BernardA BernardA - 27 days ago 5
JSON Question

symfony 3 - controller return on separate function generates error

Just wondering why this does not work.

I am getting the error below in a controller when placing the JSON return in a separate method:

The controller must return a response (null given). Did you forget to add a return statement somewhere in your controller? (500 Internal Server Error)

The setup is like this:


namespace UsedBundle\Controller;

use Sensio\Bundle\FrameworkExtraBundle\Configuration\Route;
use Symfony\Bundle\FrameworkBundle\Controller\Controller;
use Symfony\Component\HttpFoundation\Request;
use Symfony\Component\HttpFoundation\JsonResponse;

class AccountController extends Controller
private $status;
private $message;
private $data;

* @Route("/mon-compte", name="account_page")

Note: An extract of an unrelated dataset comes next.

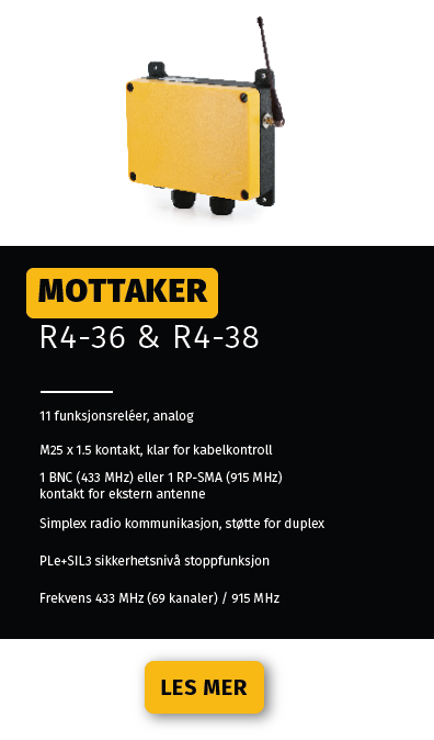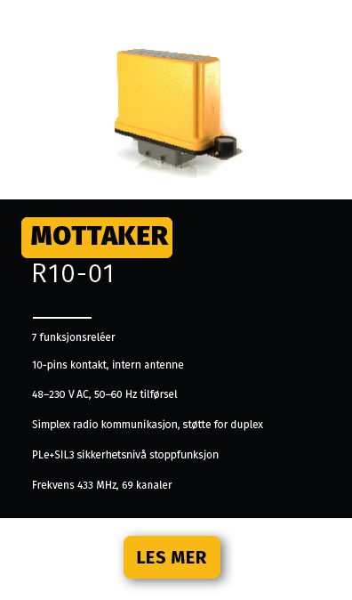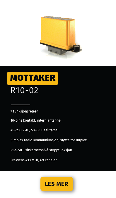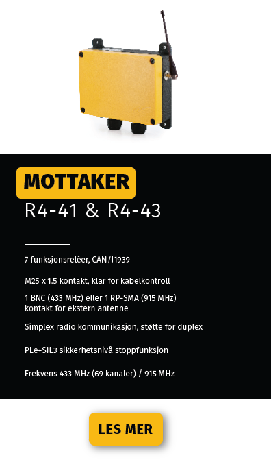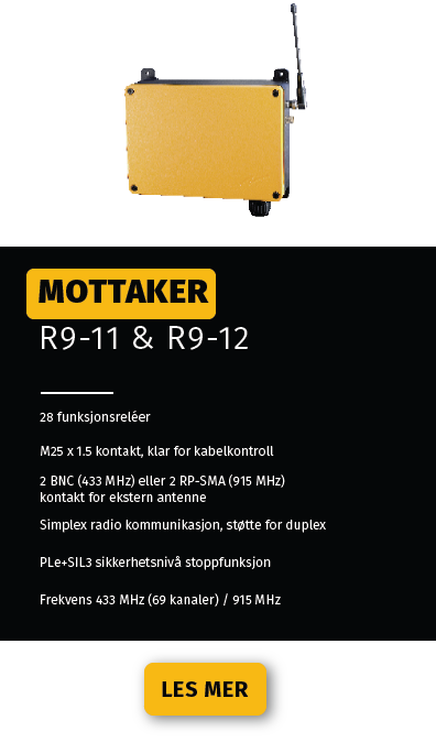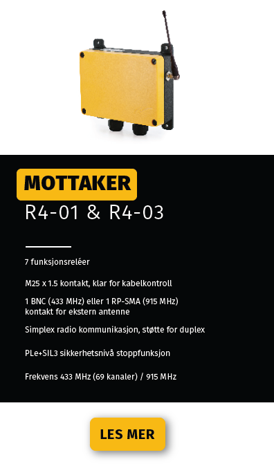 Systemet ville ikke vært komplett uten et bredt utvalg av mottakere også. Vi har mindre mottakere med 7 reléer og opp til veldig store mottakere med 28 reléer. I denne serien finner du også mottakere med BUS-teknologi: Profibus, Modbus, CANopen og J1939. Det er også mulighet for en analog mottaker som støtter trinnløs kontroll. I tillegg har vi også mottakere som kan plugges direkte inn i en applikasjon som bruker 10-pins Harting-kontakt. Alle mottakere har kapslinger av høy kvalitet i IP65 eller IP66.

public function showAccount(Request $request){
$factory = $this->get('security.encoder_factory');
if (!$this->get('security.authorization_checker')->isGranted('IS_AUTHENTICATED_REMEMBERED')) {
throw $this->createAccessDeniedException();
$user = $this->getUser();
$session = $request->getSession();
$email = $session->get('email');

$em = $this->getDoctrine('doctrine')->getManager('used');
$this->user_info = $em->getRepository('UsedBundle:User')
->UserAccountInfoAction( $email );

$form = $this->createForm(UserType::class, $user);
if ($request->isMethod('POST')) {
if($_POST['action'] == 'update_user'){
$this->updateProfile($request, $user, $form, $em);
}elseif($_POST['action'] == 'delete_user'){
$this->deleteUser( $user, $em );
}elseif($_POST['action'] == 'update_password'){
$this->updatePassword( $user, $em, $factory);
// \Doctrine\Common\Util\Debug::dump($this->data);
$this->returnJson();//***** this is generating the error*****
// populate change profile form
return $this->render('account/account.html.twig', [
'user_info' => $this->user_info,
'form' => $form->createView(),

and then, further down on that class I have the returnJson() method:

public function returnJson(){
return new JsonResponse(array(
'status' => $this->status,
'message' => $this->message,
'data' => $this->data,

If I place that code replacing the $this->returnJson() on showAccount(), it will work correctly.

Any ideas why the return can't be placed as a separate method? Or am I missing something.


Answer Source

Your returnJson function returns JsonResponse into showAccount function, not out of it.

This should work:

return $this->returnJson();